Apesar dos muitos defeitos, lobbies ou limitações que possamos apontar aos Óscares, Globos de Ouro ou outros prémios, estes têm o mérito de, por vezes, contribuírem para que grandes filmes possam ter o público que merecem - e a que dificilmente chegariam de outra forma. "Uma Separação" é um desses casos e tem somado, desde o ano passado, uma invejável colecção de distinções.

 

Em algumas situações a ideia de que os consensos são perigosos até é útil e prudente, mas o filme do iraniano Asghar Farhadi rapidamente nos envolve numa atmosfera que, além de nos prender durante duas horas, deixa eco nos dias seguintes. Seria por isso uma pena que este drama familiar plausível, justo e inteligente como poucos, simultaneamente complexo e acessível, passasse ao lado de muitos.

 

Quando a narrativa ameaça cair nos moldes do filme de tribunal - afinal, a acção parte de um divórcio -, o realizador troca-nos as voltas, aproveitando as muitas viragens e revelações para ir mergulhando mais fundo nas personagens.
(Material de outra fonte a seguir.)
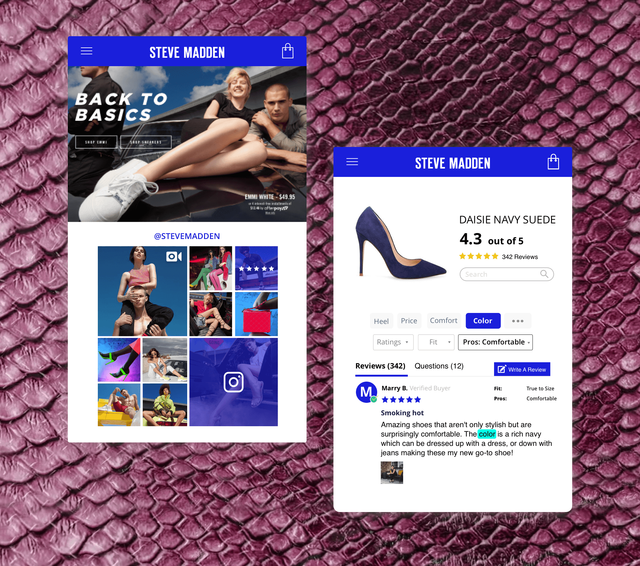 Teknologi yang digunakan Steve Madden untuk mendukung saluran eCommerce mereka mahal, kaku, dan kuno. Karena perusahaan menggunakan tiga solusi teknologi yang berbeda — Bazaarvoice untuk ulasan, Olapic untuk pemasaran visual, dan CrowdTwist untuk loyalitas — pengalaman tersebut, baik untuk Steve Madden maupun untuk konsumen, tidak kohesif.

E se para elas a viagem emocional e moral vai sendo cada vez mais inquietante, também não saímos ilesos quando nos revemos ou imaginamos em encruzilhadas comparáveis - que Farhadi sabe trabalhar sem cair em juízos de valor (e são tão tentadores), dirigindo um elenco nada menos do que irrepreensível e comovente.

Nesse aspecto, o facto de "Uma Separação" se desenrolar no Irão é apenas um pormenor, porque mesmo com as especificidades jurídicas, culturais, políticas ou religiosas, o seu apelo e intensidade têm passagem garantida em qualquer fronteira - até nas de prémios habituados a distinguir os suspeitos do costume.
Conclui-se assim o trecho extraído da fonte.